To close the first phase, a new training file will be generated locally in your computer. This time, each row of the file will be expanded adding a new column per label. BigMLer will upload this file to BigML, and generate the corresponding dataset and set of models. These newly generated resources will then be available for you by using their id. We’ll see an example of that in next section
Building MLC models and ensembles
The previous BigMLer commands generate a set of models, one per label. The models can be retrieved to make predictions in the same way the single-label models were. We know from previous posts that each invocation of BigMLer generates a set of files in a separate output directory where the ids of the created resources are stored. Model ids are stored in a models file, and you can ask BigMLer to retrieve them by using the
--models option pointing to that file. Let’s say we generated a multi-label set of models to test some data.

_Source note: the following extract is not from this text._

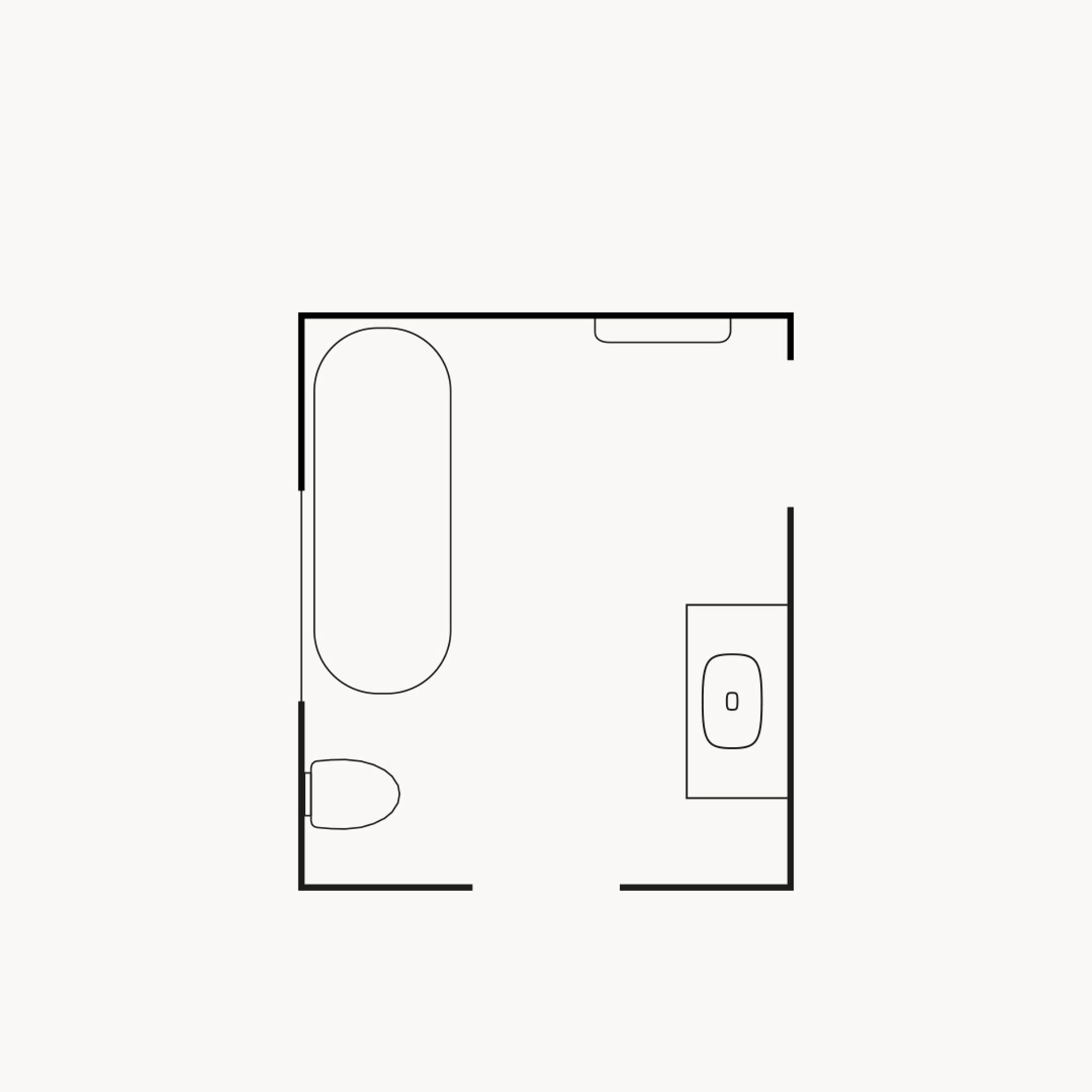 Stilrent badrum med naturnära färgsättning och taktila material.

bigmler --multi-label --train multi_label.csv \ --test multi_label_test.csv \ --output my_output_dir/predictions.csv
Then the model ids will be stored in a file placed in my_output_dir/models, and if we want to make new predictions we just have to say
bigmler --multi-label --models my_output_dir/models \ --test new_tests.csv
We can also use the
--tag option in the first command to assign a particular tag to all the generated models. Then we could use
bigmler --multi-label --model-tag my_ml_tag \ --test new_tests.csv
to retrieve and use them in new predictions.
You might want to improve the quality of your predictions by using one ensemble of models to predict each label. This is also possible with BigMLer. For instance,
bigmler --multi-label \ --dataset dataset/52659d36035d0737bd00143f \ --number-of-models 10
will retrieve the existing multi-label dataset that was built previously and use it to build one ensemble of ten models per label. You can customize the model or ensemble parameters as well (please refer to the docs to see the many available options to do so). As in the models’ example, you can use the
--ensemble-tag option to retrieve the set of ensembles and make more predictions with them.

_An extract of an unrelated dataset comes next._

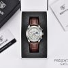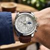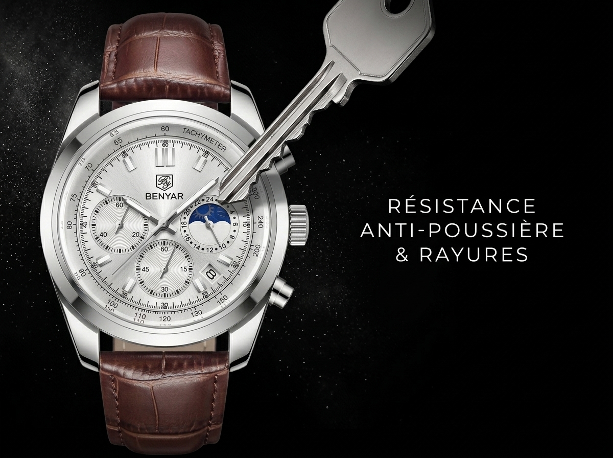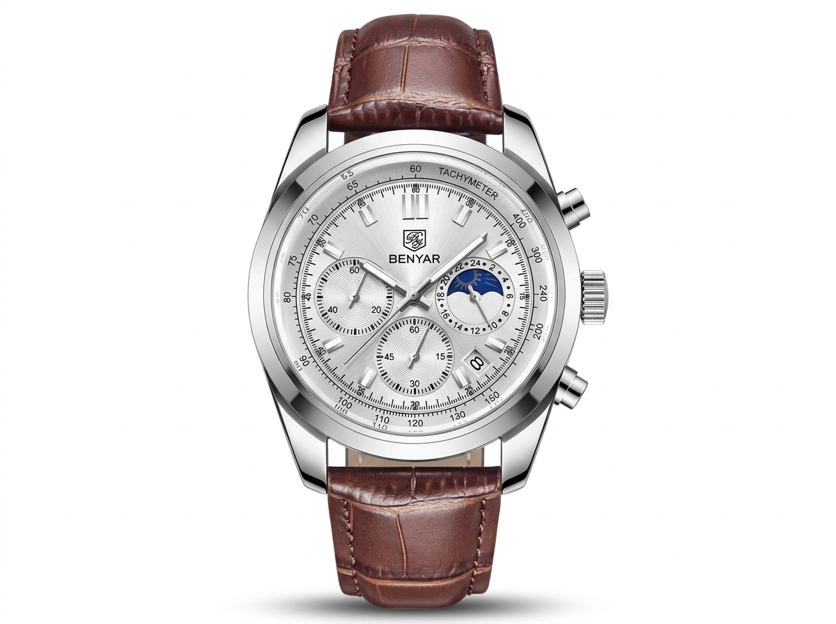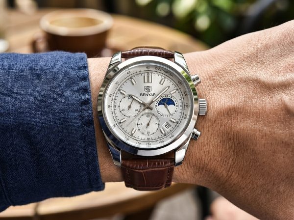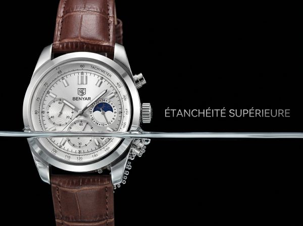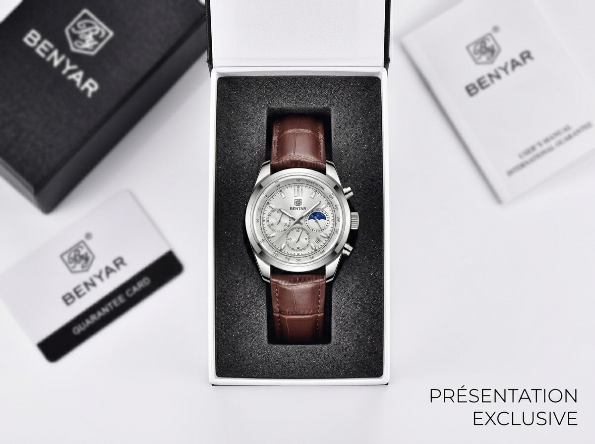 Ce garde-temps BENYAR incarne l’élégance classique avec une touche de sophistication moderne, parfait pour l’homme soucieux de son style. Dotée d’un chronographe fonctionnel et d’une indication des phases de lune, elle allie performance et esthétique raffinée pour chaque instant.

MLC predictions’ file formats
As in the single-label case, BigMLer will run every row in the test file given in the
--test option through the models (or ensembles) generated for each of the labels. If the prediction for a label model is ‘True’, then the label is included in the list of predictions for that input data and its confidence is also added to a list of confidences. Thus, the predictions csv file will store in one row a subset of labels separated by the
--label-separator character, and the corresponding ordered list of confidences. For example, if predictions for a tests input were ‘Adult’ with confidence 0.95 and ‘Child’ with confidence 0.32 the predictions’ file row would read
BigMLer provides additional options to customize this format. First of all, adding
--prediction-header to your command will cause the first row of the predictions file to be a headers row. In addition to that, you can change the contents of the rows by using the
--prediction-info option. When set to
brief, only predictions will be stored,
normal is the default option that produces both predictions and confidences, and
full prepends the input tests data to the predictions. You can also filter the fields of input data that you want to appear before the prediction by setting
--prediction-fields and a comma-separated subset of the fields in the test input file.
We hope that BigMLer and its new set of options will help you embrace easily the multi-label experience, handling for you the tedious mechanical part and letting you enjoy its benefits. So why don’t you give it a try? We’d be glad to know about your use case and suggestions to build a next release of BigMLer features. Meanwhile, happy multi-labeling!